* _ACTIVITY_: Please count the lines in the entries below that include the word "Vanellus", and give only the number.

* _RECORDS SUPPLIED_:
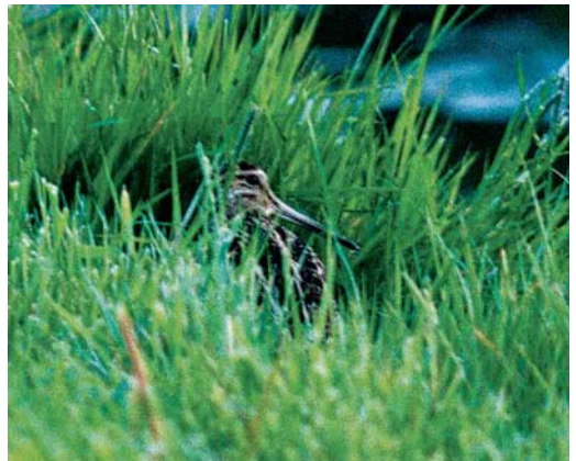
217 Witstaartkievit / White-tailed Lapwing Vanellus leucurus , Nieuwendijk, Hoekse Waard, Zuid-Holland, 4 juli 2002 218 Vorkstaartplevier / Collared Pratincole Glareola pratincola , Bandpolder, Friesland, mei 2002 219 Poelsnip / Great Snipe Gallinago media , Maassluis, Zuid-Holland, 16 mei 2002 220 Poelsnip / Great Snipe Gallinago media , Maassluis, Zuid-Holland, 16 mei 2002

is een Amerikaanse Goudplevier Pluvialis dominica in zomerkleed die op 4 en 5 juli verbleef in de Vlietpolder bij Wissenkerke, Zeeland. Op 19 juni werd een Witstaartkievit Vanellus leucurus waargenomen bij Gouderak, Zuid-Holland; waarschijnlijk dezelfde vogel pleisterde op 4 juli bij Nieuwendijk, Zuid-Holland, en op 5 juli kortstondig in het Stinkgat op Tholen, Zeeland. Sinds 1998 is deze soort elk jaar gezien in Nederland. Gestreepte Strandlopers Calidris melanotos verbleven op 16 mei in de Prunjepolder, op 18 mei in de Ezumakeeg, op 19 en 20 mei bij Beusichem, op 28 mei bij Heerhugowaard, Noord-Holland en op 29 en 30 juni alweer in de Ezumakeeg. Breedbekstrandlopers Limicola falcinellus waren zoals gewoonlijk erg schaars met exemplaren op 20 mei in de Lettelerpetten, op 26 en 27 mei bij Termunten, Groningen, en op 31 mei en 1 juni in de Ezumakeeg. Goede vondsten waren de
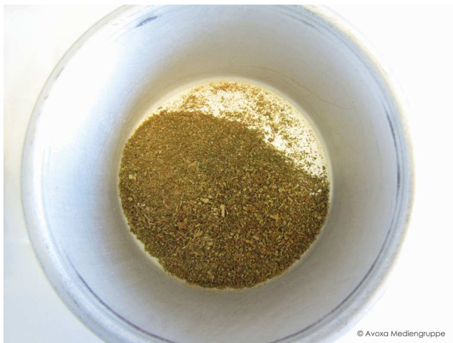
Abb. 3: in der Apotheke gemahlene und gesiebte Cannabisblüten

In Abhängigkeit der Varietät (Sorte) haben Cannabisblüten unterschiedliche Gehalte an Cannabinoiden, insbesondere den Leitsubstanzen \Delta^9 -Tetrahydrocannabinol (THC) und Cannabidiol (CBD). Die Angabe „Cannabisblüten“ auf einem Betäubungsmittelrezept ist daher nicht ausreichend, um das Betäubungsmittel eindeutig zu bestimmen. Vielmehr muss in jedem Fall die Sorte angegeben werden.
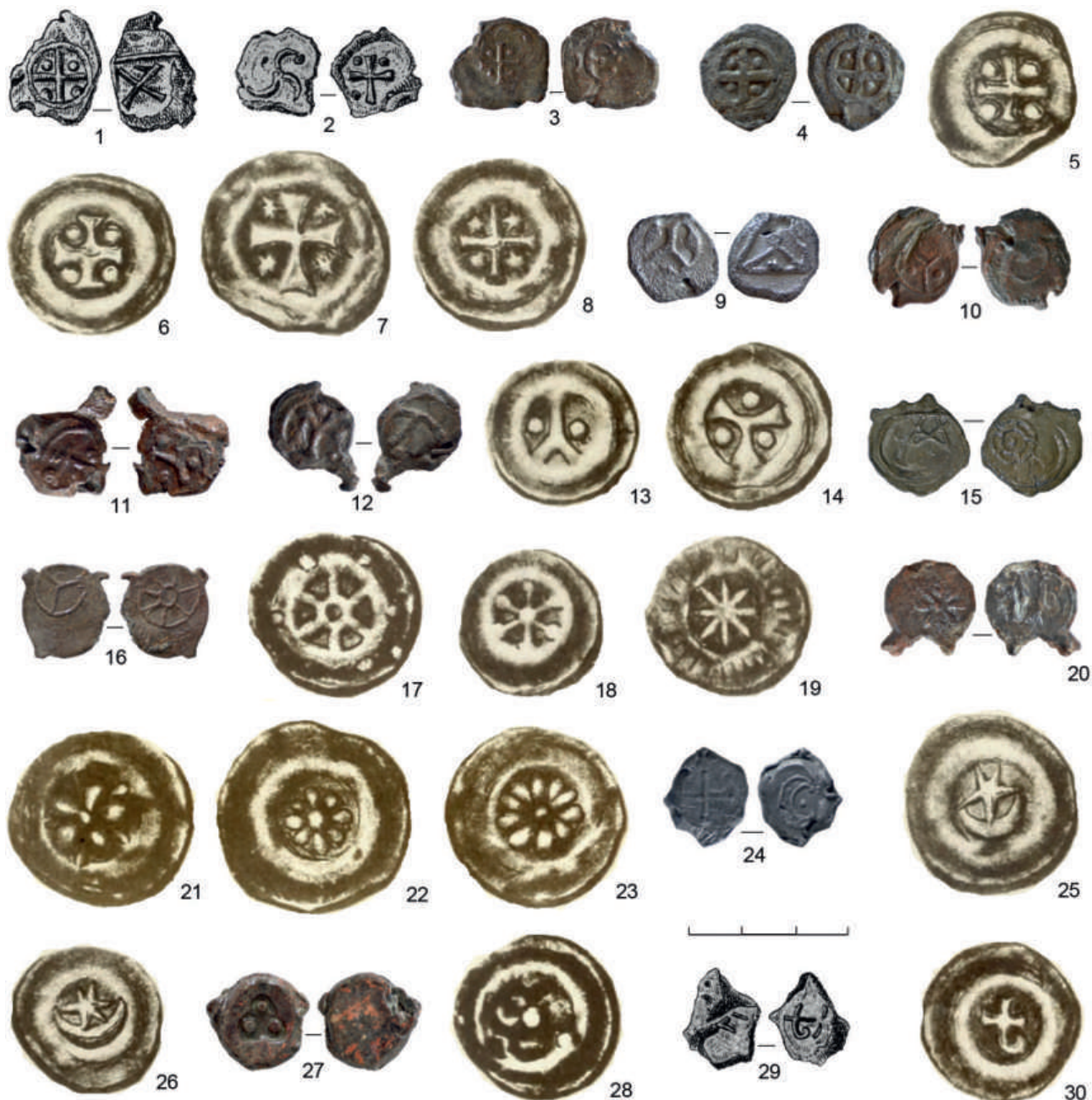
Рис. 3. Пломбы и «пуговичные» брактеаты с изображениями креста с четырьмя точками и различных символов, XIII в.: 1, 2, 29 — Дрогичин, Польша (Болсуновский, 1894. Табл. IV, 151, 133, Табл. II, 61); 3, 4, 9–12, 15, 16, 20, 24, 27 — Чермно, Польша (Florkiewicz et al., 2020. № II.30, МТ/1318/1/А; NN.81, МТ/1676/18/А; II.114, МТ/1264/А; NN.535, МТ/1676/55/А; NN.516, МТ/1676/101/А; NN.529, МТ/1676/118/А; NN.280, МТ/1704/51/А; NN.281, МТ/1676/97/А; I.44, МТ/1805/18/А; II.33, МТ/1454/1/А; NN.294, МТ/1676/71/А); 5–8, 13, 14, 17–19, 21–23, 25, 26, 28, 30 — Веленьский клад, Польша (Beyer, 1876. Tab. I, 11, 12, 14, 15, 16; Tab. I, 1, 2; Tab. II, 59; I: 34, 35; Tab. I, 32–34; Tab. II, 36, 37; Tab. II, 66; Tab. I, 40)
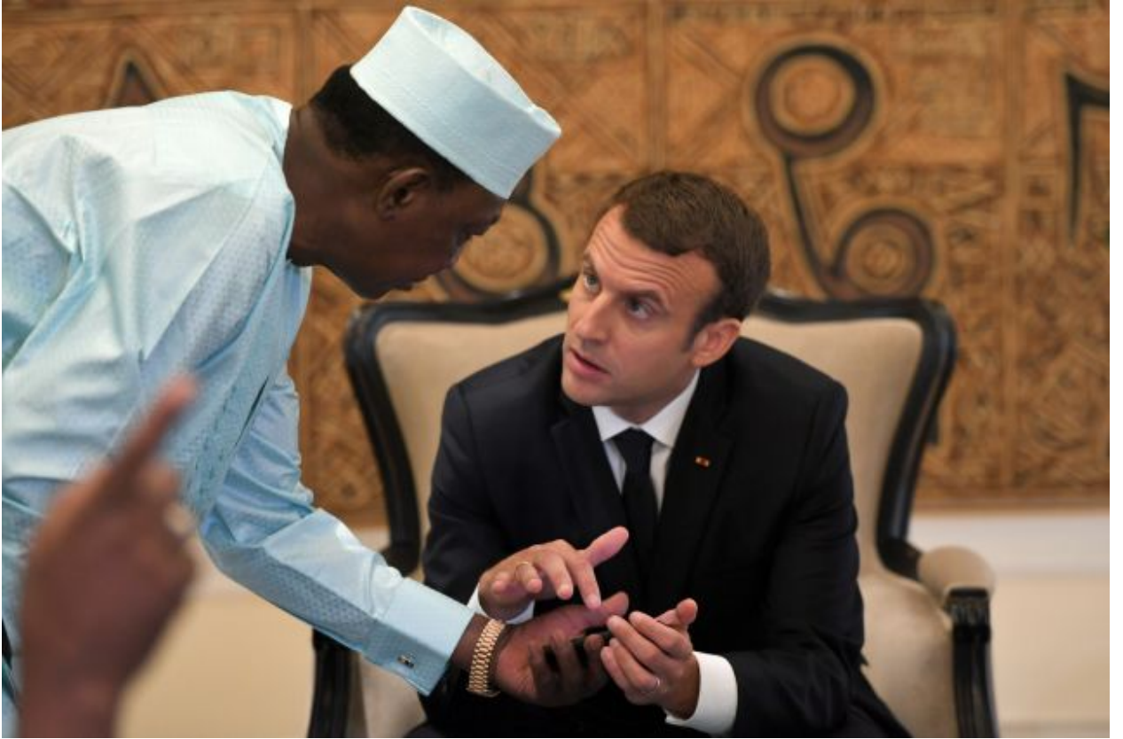
رئيس التشاد يتحدث مع إيمانويل ماكرون في قمة مجموعة ال5 في مالي
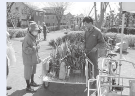
リヤカー隊がネギを販売している様子

リヤカー隊と地域の皆さんとで企画したイベントの開催や、地域のお祭りへの参加を通して、地域の皆さん同士が関係を深めるきっかけを作りました。
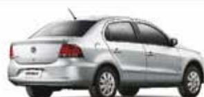
VOYAGE GS 1.0 8V FLEX 12 PL-0042 R$ 22.500,
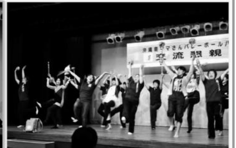
あぐがばな どうすがばな(Peace)
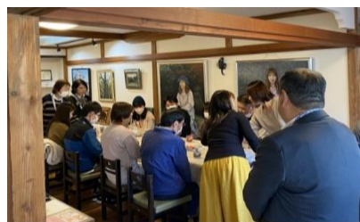
■市主催カップリングパーティー

効果：若い世代が、本市に定住し続けたり、市外から本市に移住してきてくれるような、本市の魅力PRの一翼
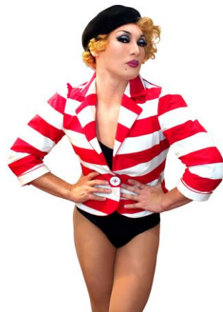
ナジャ・グランディーバ
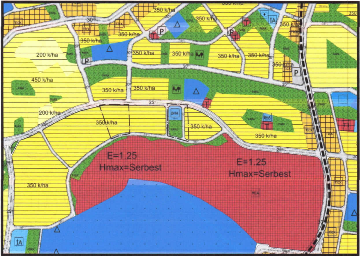
Şekil 3: Planlama Alanı Mevcut 1/5000 Ölçekli Nazım İmar Planı
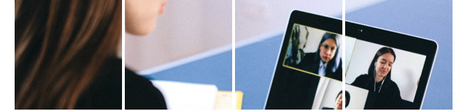
Individuelles Persönlichkeitstraining für den berufl. Wiedereinstieg
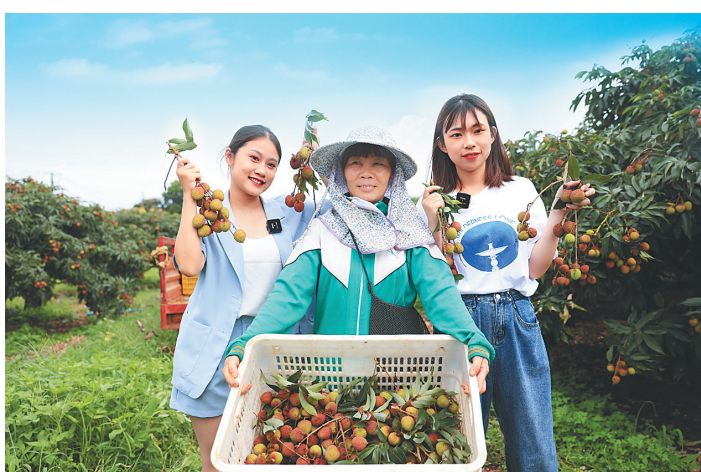
海口举办“2023椰城香见·海口火山荔枝月”系列活动。
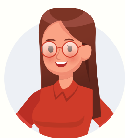
Directe collega-zorgbegeleiders uit zelfsturend team
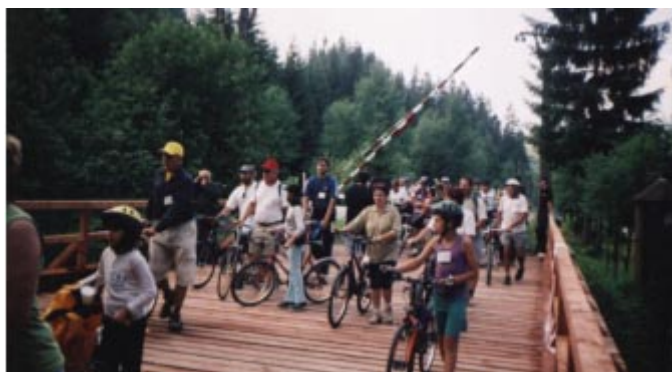
Most otwarty - uczestnicy rajdu ruszyli!

Później zostaliśmy oczarowani pełnią swoistego piękna i uroku doliną, którą rzeka Olza przedarła się z północy na południe Beskidów. Miejsce to, jak legenda głosi, chciał przegrodzić sam Lucyfer, ale nie zdążył przed świtem, bo zapiał kogut. Nie udało się już w czasie II wojny światowej przegrodzić doliny Niemcom, by zebrane wody Olzy stały się zbiornikiem wodnym dla Huty Trzynieckiej.
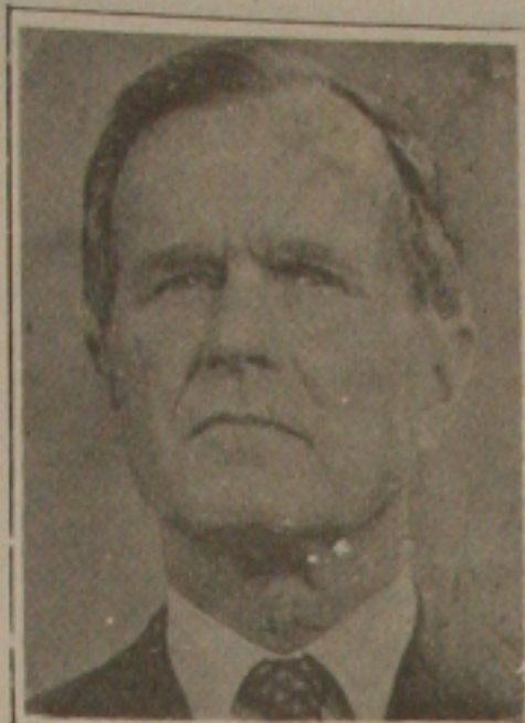
A retomada do Kuwait pelas tropas aliadas não representa para o presidente George Bush o fim da guerra no Golfo Pérsico. Ele quer destruir a Guerra Republicana, a tropa de elite de Saddam Hussein para acabar o poder militar do ditador do Iraque.

* _OUTPUT_: 2